# What you are asked to do
Starting at the line that contains "Never worn or" and stopping after the line that contains "大自然阿苏健康之森精心设计的", transcribe the listing below exactly; do not include any pictures.

# Task inputs
_ _ _ _
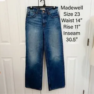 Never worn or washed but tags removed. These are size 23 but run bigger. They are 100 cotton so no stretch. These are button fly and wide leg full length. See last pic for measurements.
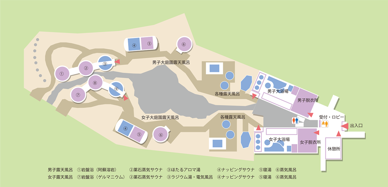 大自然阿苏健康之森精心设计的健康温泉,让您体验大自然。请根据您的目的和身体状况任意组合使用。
_ _ _ _
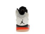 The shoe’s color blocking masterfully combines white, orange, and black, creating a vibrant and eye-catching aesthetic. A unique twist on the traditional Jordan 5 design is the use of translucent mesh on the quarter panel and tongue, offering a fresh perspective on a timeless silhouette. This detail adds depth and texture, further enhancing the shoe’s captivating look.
_ _ _ _
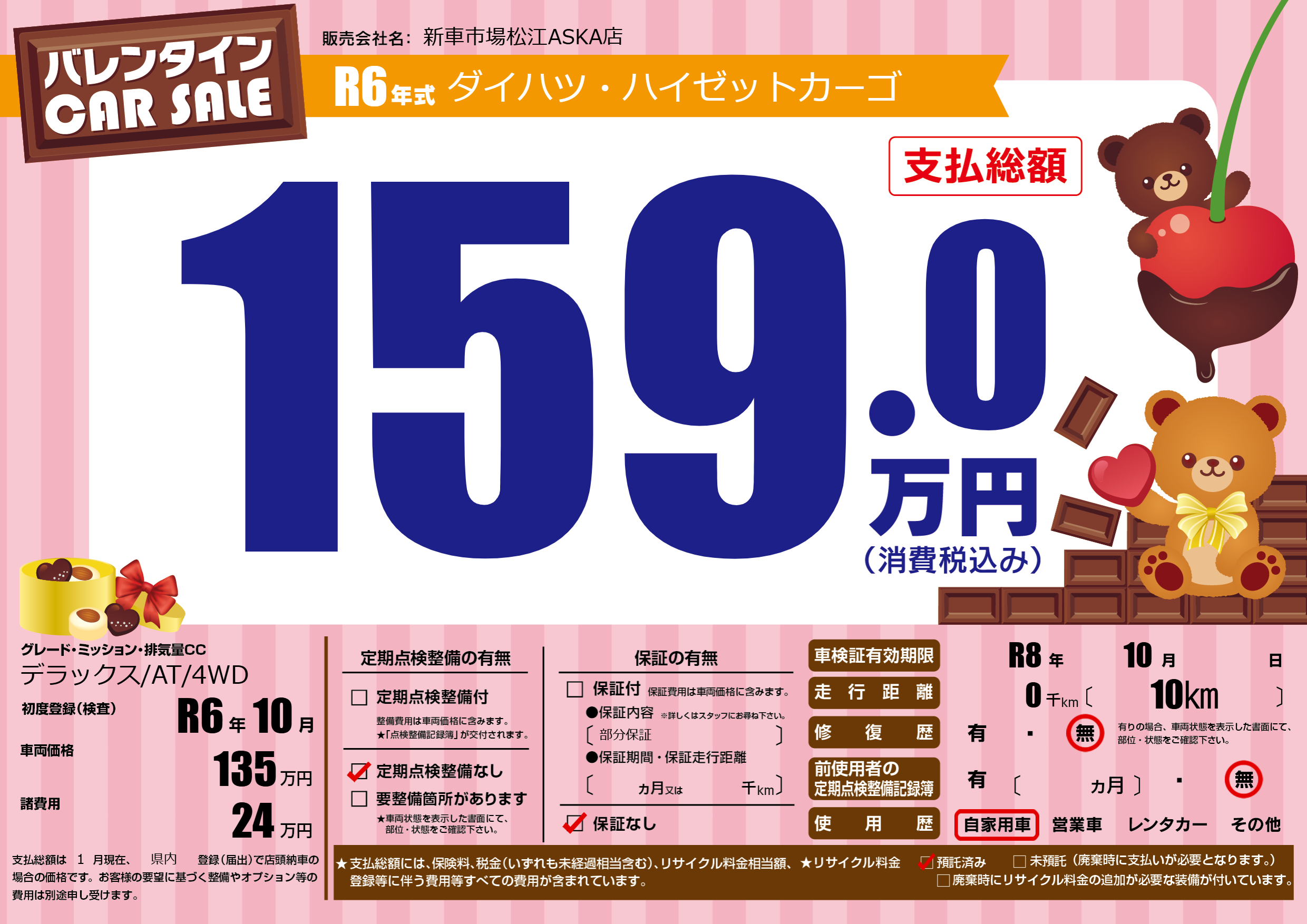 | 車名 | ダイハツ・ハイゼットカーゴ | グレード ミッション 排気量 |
_ _ _ _
# Result below
 Never worn or washed but tags removed. These are size 23 but run bigger. They are 100 cotton so no stretch. These are button fly and wide leg full length. See last pic for measurements.
 大自然阿苏健康之森精心设计的健康温泉,让您体验大自然。请根据您的目的和身体状况任意组合使用。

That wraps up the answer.